La porte s’ouvre juste après. Vous en avez mis du temps les larbins! La femme se précipite vers le verre qui est brisé au pied de la table alors que l’homme vient vers moi et me regarde consterné. Je ne les aime pas, mais ils sont les seuls qui acceptent véritablement de s’occuper de moi. Je m’efforce d’être un minimum agréable avec eux deux. Ils sont vieux, ce serait facile de m’en débarasser, mais si je le fais, je vais me retrouver avec une bonne femme au bord des larmes comme quand la vieille Sachi était malade et que le vieux Jiro s’occupait d’elle. Ils sont probablement les plus compétents du manoir. Il m’enlève le bâillon et je bouge ma mâchoire pour détendre mes muscles.
« Jeune maître, calmez-vous s’il vous plait! Votre mère va encore rallonger votre punition sinon… »
« Je n’ai plus 5 ans, il va falloir que la mégère comprenne ça un jour! »
« Certes, certes…Nous allons vous détacher pour une visite médicale de toute façon. Votre médecin n’est plus à Kumo et il vous faut rencontrer quelqu’un pour le suivi de votre état de santé. »
« Ne pas m’enfermer 3 jours consécutifs dans une pièce où le soleil passe à peine et ne pas m’injecter des produits douteux dans le bras me semble une solution. »
Il rigole amèrement, il sait que j’ai raison. Je ne vais pas m’étendre sur le sujet de toute façon, cela ne servira à rien. Il commence à enlever les sangles. J’éprouve une véritable libération quand celle autour de mon coup est défaite, il est pénible de ne pas pouvoir tourner la tête quand bon me semble. Et c’est d’ailleurs la première chose que je fais quand j’ai la possibilité de bouger. Je me frotte les poignets avant de me redresser avec peine sur le lit. Je laisse mes jambes pendre dans le vide comme pour laisser le sang circuler. Je ne peux pas m’empêcher de soupirer de soulagement avant de poser le pied au sol. Sans surprise, je n’ai pas assez de force et je sens que je vais m’écrouler. Le vieux Jiro me retient et m’aide à me redresser le temps que mes jambes cessent de trembler. Je le pousse légèrement quand je sens que je suis capable de marcher seul et me dirige vers la salle de bain. J’ai un minimum d’éducation et il est hors de question qu’on m'examine alors que je suis plein de sueur.

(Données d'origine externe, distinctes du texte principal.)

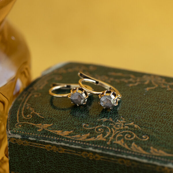 | Stone type: | Rose diamond 1x 4.05 x 3.7 mm and 1x 3.47 x 3.91 mm M-N SI2 |

Comme prévu, personne d’autre ne se porte volontaire pour m’accompagner à cette visite et le vieux couple ne bronche pas. Je me dis que si le manoir venait à disparaître… Par mégarde… Ils seraient probablement les seuls que j'essaierais de sortir des décombres. Enfin bon… Je ne sais pas où nous allons, je ne fais que les suivre en essayant de me concentrer sur les paroles de la vieille Sachi. Un vrai moulin à parole cette femme. Mais l’avantage est que j’ai toujours de quoi me concentrer quand on est en extérieur. J’arrive à ne pas entendre les bruits extérieurs qui sont une véritable peine pour moi. Ils me font perdre mon sang froid.
« Au quartier Miwaku, jeune maître! »
« Vous n’aviez pas un médecin compétent chez les Hattori? »
« … Disons qu’ils n’étaient pas vraiment d’accord pour s’occuper de vous. »
« Hm… La mégère a encore ouvert sa bouche rempli de venin à ce que je vois… »
Maudits Hattori et leur culte de la pureté! Je ne suis pas assez bon pour vous? Me prendre pour un raté juste parce que je ne suis pas capable de maîtriser de poison. Je vous prouverais que je ne suis pas aussi faible que vous le pensez! Le jour où je serais capable de ne pas subir votre traitement qui m'assomme, je vous réduirai en cendre vous qui me regardez de haut!
« Un vrai taudis! Digne du clan Miwaku… Allons-y… »
Je ne sais pas qui est le médecin en question, mais j'espère qu’il sera à la hauteur.